Data excerpts:

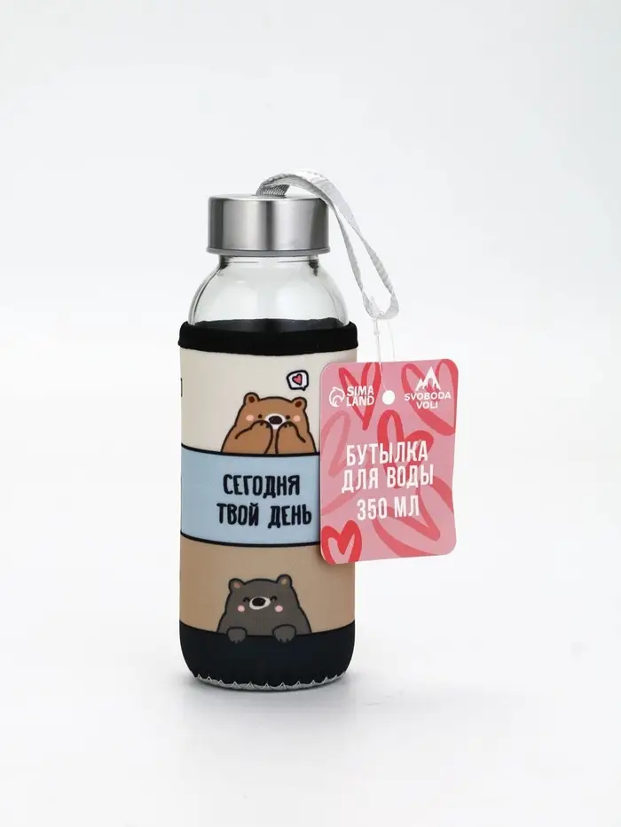 Бутылка стекло в чехле "Хорошего дня", 350мл
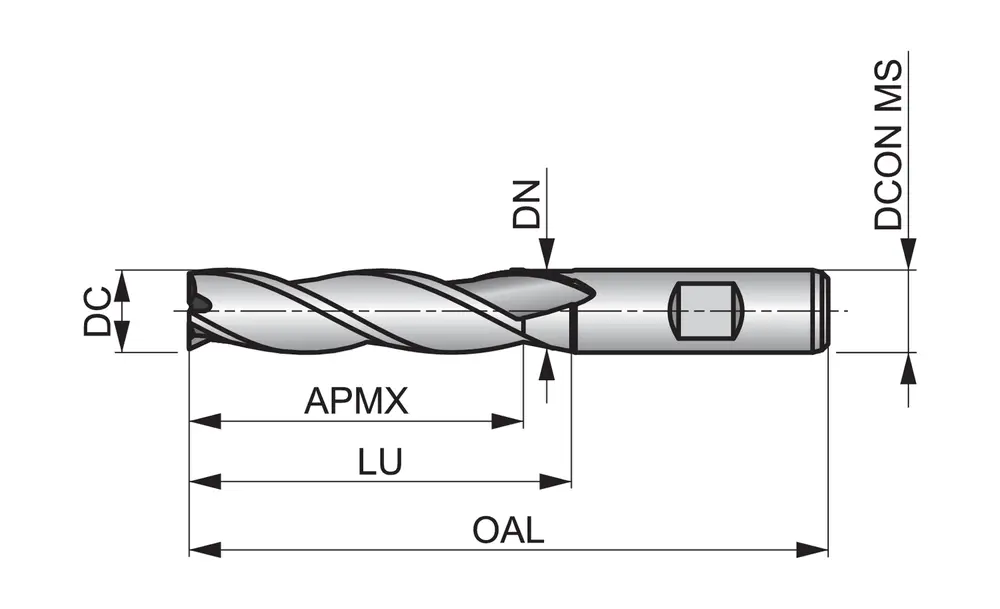 Длинная серия концевых фрез с 3 канавками, диаметром 11 мм, длиной режущей части 45 мм и общей длиной 102 мм, в соответствии со стандартом DIN 844 L, с хвостовиком Weldon 12 мм, из быстрорежущей стали HSS-E на основе кобальта с блестящей отделкой, углом наклона спирали 30° и передним углом 12° для фрезерования уступов и пазов в легкообрабатываемой стали, меди или медных сплавах.
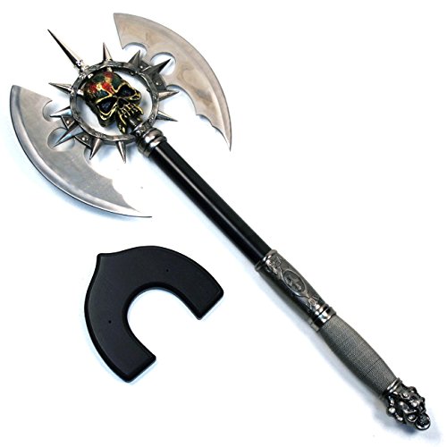 Ace Martial Arts Supply Death's Head Skull Fantasy Battle Axe with Plaque
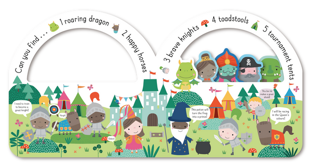 They're a carry-case board book format that has integrated character flaps with can you find me and character speech on every spread. Your little one will want to take this wonderful book everywhere using its comfortable carry handle!
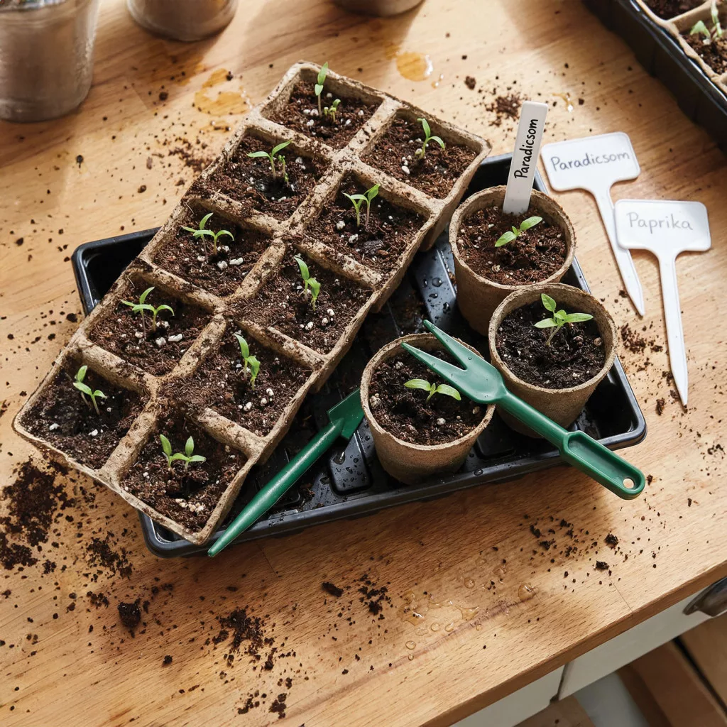 Tartalom: Tőzegcserepek, palántatálca, jelölők, ültetőpálcák
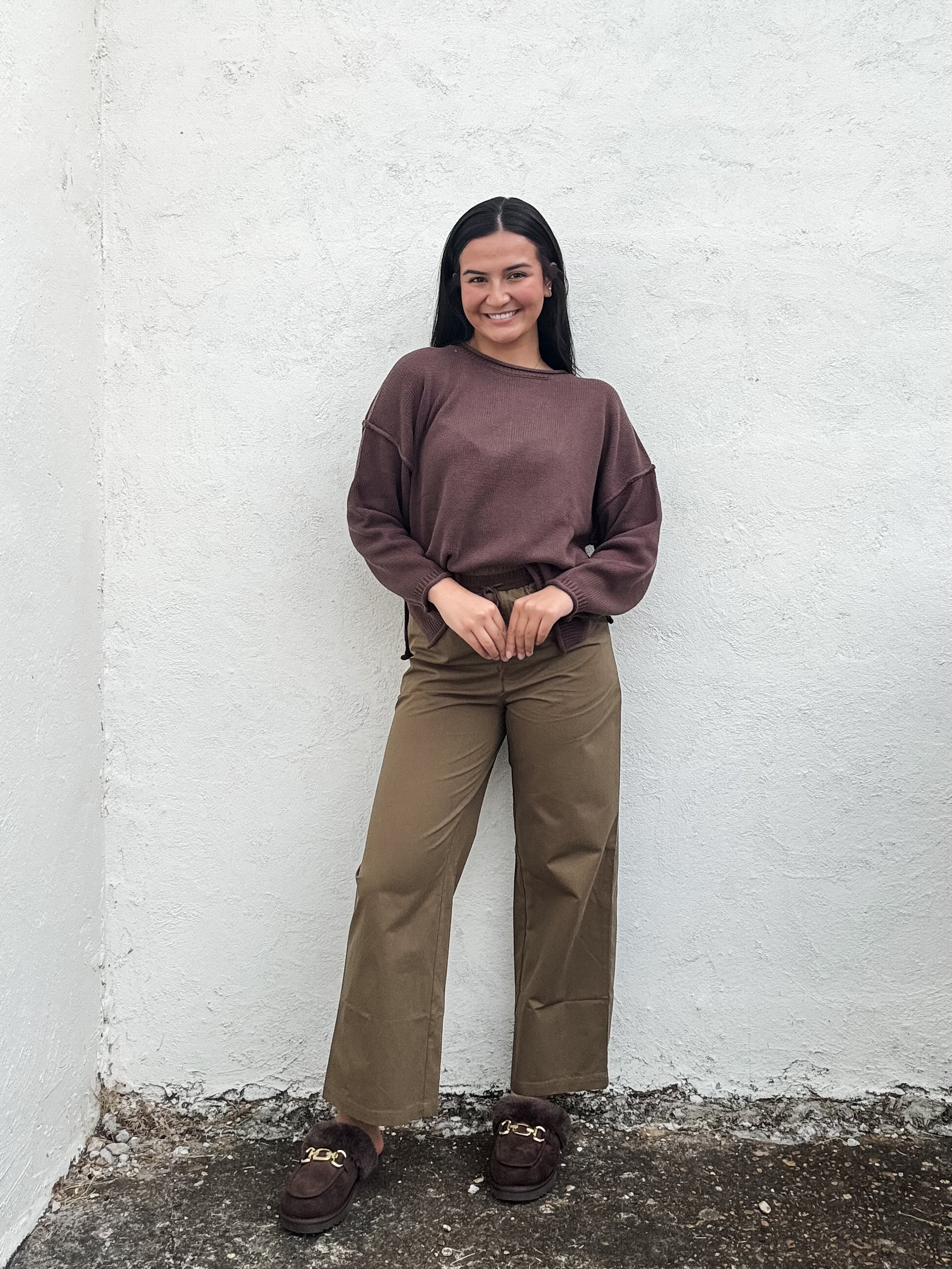 Embrace cozy style with the Brownie Sweater, featuring raw edges on the sleeves, neck, and shoulders for a relaxed, effortlessly chic look. The drop shoulder design adds a modern touch while ensuring a comfortable, laid-back fit perfect for everyday wear. Elevate your wardrobe with this versatile brown sweater that combines comfort and trend in one easy-to-wear piece.
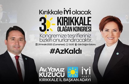 İyi Parti Kırıkkale İl Başkanlığı kongresi hafta sonu yapılıyor. Kongre ile ilgili hazırlıklar devam ederken, kamuoyuna kongreye davet çağrısı yapıldı. Kongreyle ilgili olarak, “İYİ Parti, Kırıkkale İl Kongresi 24.12.2022 Cumartesi günü Gök Düğün Salonunda saat 13.00’de yapılacaktır. Tüm dostlarımızı bekleriz” paylaşımı yapıldı.
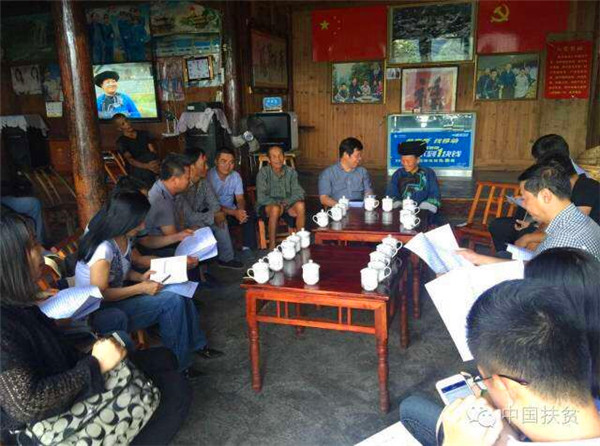 黄承伟一行分成四个小组分别入户调查十八洞村贫困户生产生活情况,并详细填写入户调查问卷
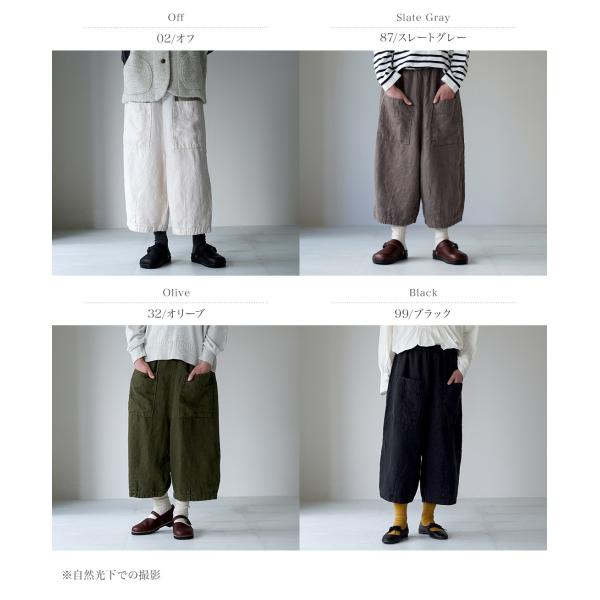 tumugu定番のオリジナル素材「ソリトリネン」を使用した、8分丈パンツ。くたっと柔らかな風合いと、締めつけ感のない穿き心地が魅力の一枚です。
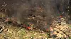 I FLAMMER: Området rundt fabrikken kan ses røyklagt og i flammer.
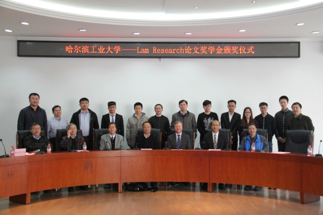 颁奖仪式由中文字幕av 党委副书记张弛主持,郭斌副校长代表学校对Lam Research公司来宾到访表示欢迎和感谢,并介绍了我校2016年来的科学研究和人才培养情况。Lam Research全球首席技术官Dave Hemker介绍了Lam Research公司的基本情况,并希望与哈工大发展长期友好合作关系。中文字幕av 副院长费维栋教授介绍了奖学金的评审情况,中文字幕av 党委书记刘伟宣布了获奖名单。获奖学生12级博士冯伟和获奖教师胡平安教授先后发言,表达了对Lam Reserarch公司的感谢。最后,在座师生和Lam Research公司来宾针对微电子领域热点技术问题进行了热烈的讨论交流,并合影留念。
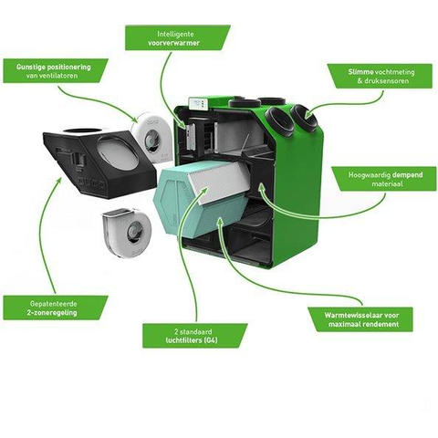 Duco WTW DucoBox Energy 570 2ZH - commande 2 zones avec chauffage - droite - 570m³/h
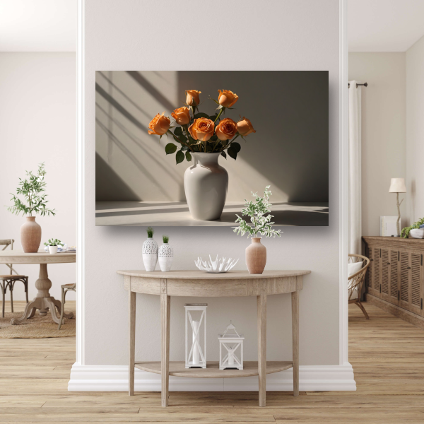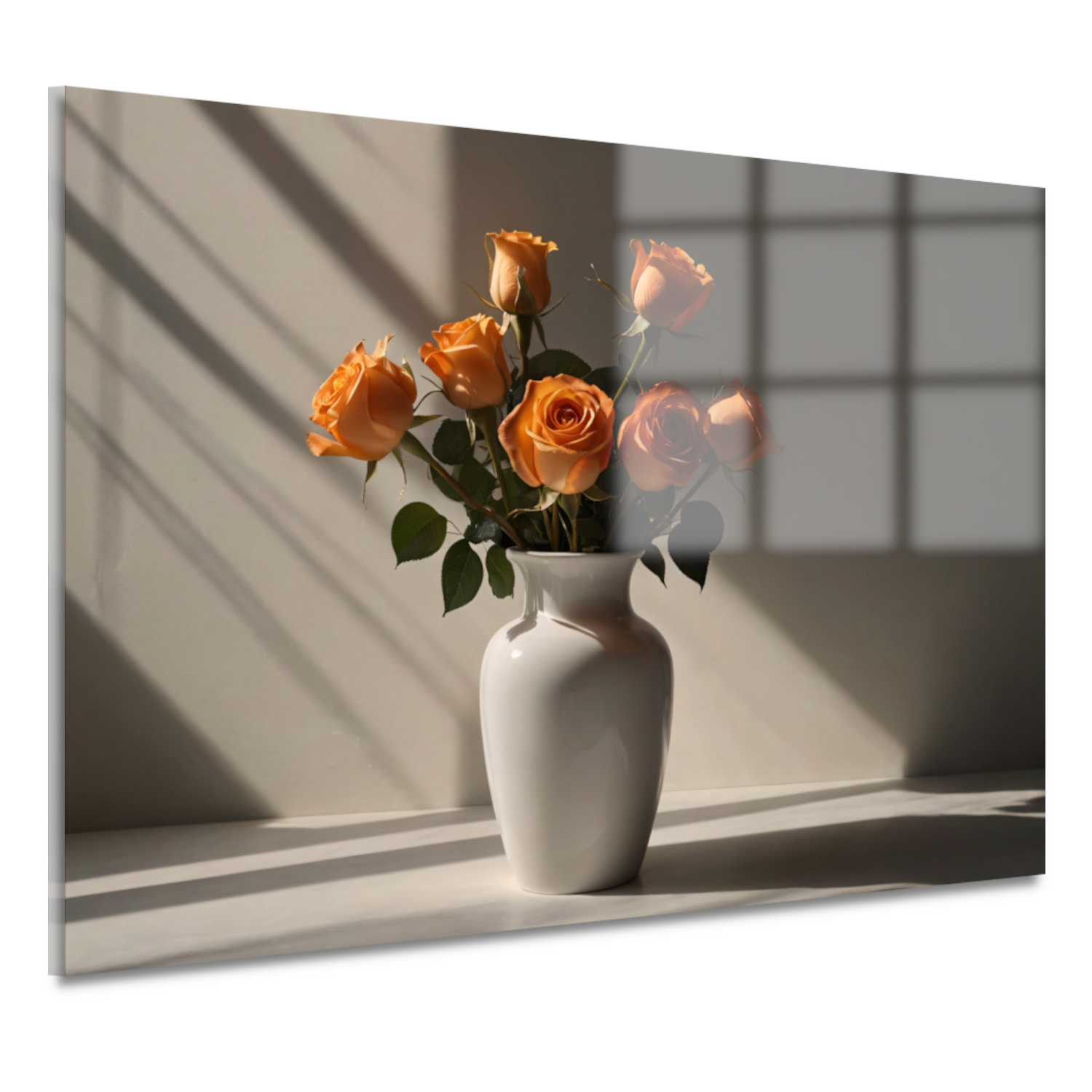 Elegante oranje rozen in witte vaas acrylglas
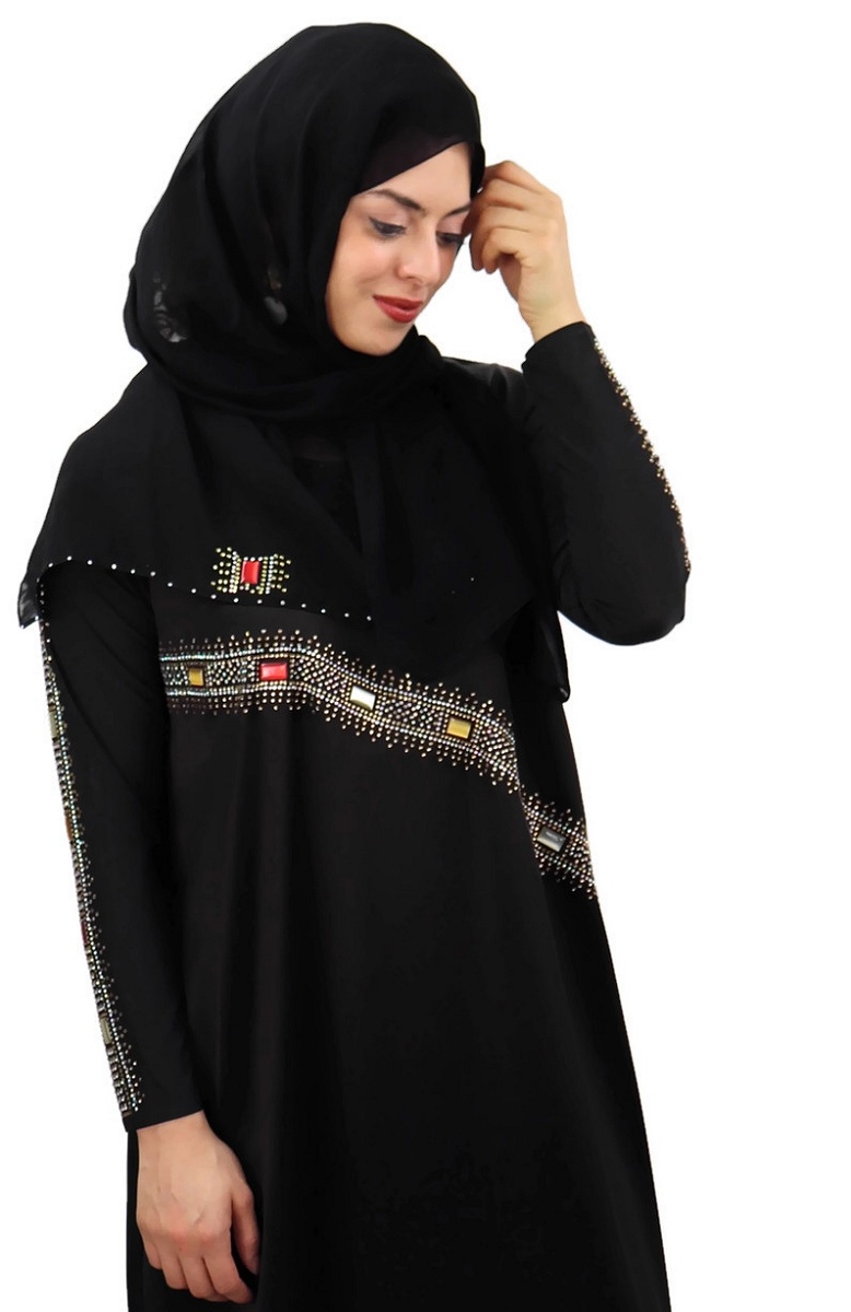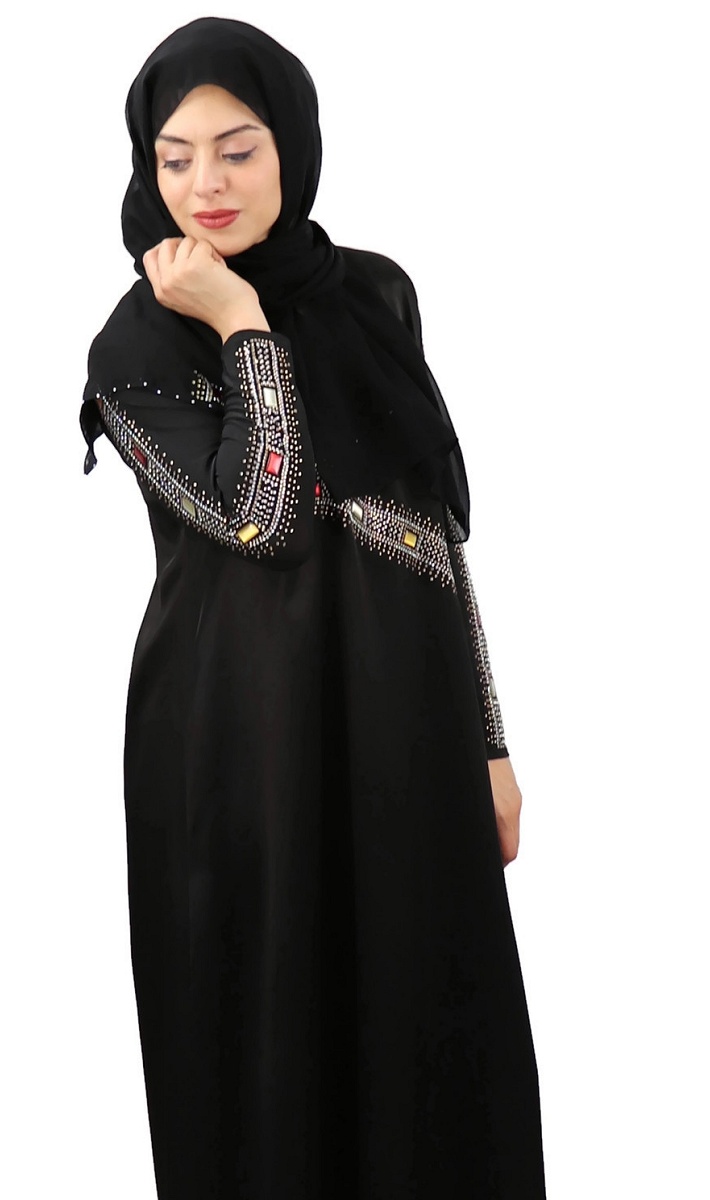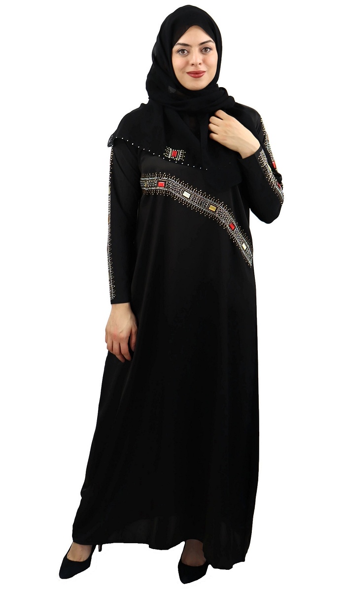 Abaya femme avec son chale assorti (voile/hijab) - Robe emirati (Dubai) avec decoration en strass et pierres rectangulaires colorees

# EXERCISE DIRECTIONS
From the line that contains "İyi Parti Kırıkkale" to the last line of the records above, copy each line exactly, both ends included, and leave the pictures out.

# SOLUTION TO THE EXERCISE
 İyi Parti Kırıkkale İl Başkanlığı kongresi hafta sonu yapılıyor. Kongre ile ilgili hazırlıklar devam ederken, kamuoyuna kongreye davet çağrısı yapıldı. Kongreyle ilgili olarak, “İYİ Parti, Kırıkkale İl Kongresi 24.12.2022 Cumartesi günü Gök Düğün Salonunda saat 13.00’de yapılacaktır. Tüm dostlarımızı bekleriz” paylaşımı yapıldı.
 黄承伟一行分成四个小组分别入户调查十八洞村贫困户生产生活情况,并详细填写入户调查问卷
 tumugu定番のオリジナル素材「ソリトリネン」を使用した、8分丈パンツ。くたっと柔らかな風合いと、締めつけ感のない穿き心地が魅力の一枚です。
 I FLAMMER: Området rundt fabrikken kan ses røyklagt og i flammer.
 颁奖仪式由中文字幕av 党委副书记张弛主持,郭斌副校长代表学校对Lam Research公司来宾到访表示欢迎和感谢,并介绍了我校2016年来的科学研究和人才培养情况。Lam Research全球首席技术官Dave Hemker介绍了Lam Research公司的基本情况,并希望与哈工大发展长期友好合作关系。中文字幕av 副院长费维栋教授介绍了奖学金的评审情况,中文字幕av 党委书记刘伟宣布了获奖名单。获奖学生12级博士冯伟和获奖教师胡平安教授先后发言,表达了对Lam Reserarch公司的感谢。最后,在座师生和Lam Research公司来宾针对微电子领域热点技术问题进行了热烈的讨论交流,并合影留念。
 Duco WTW DucoBox Energy 570 2ZH - commande 2 zones avec chauffage - droite - 570m³/h
 Elegante oranje rozen in witte vaas acrylglas
 Abaya femme avec son chale assorti (voile/hijab) - Robe emirati (Dubai) avec decoration en strass et pierres rectangulaires colorees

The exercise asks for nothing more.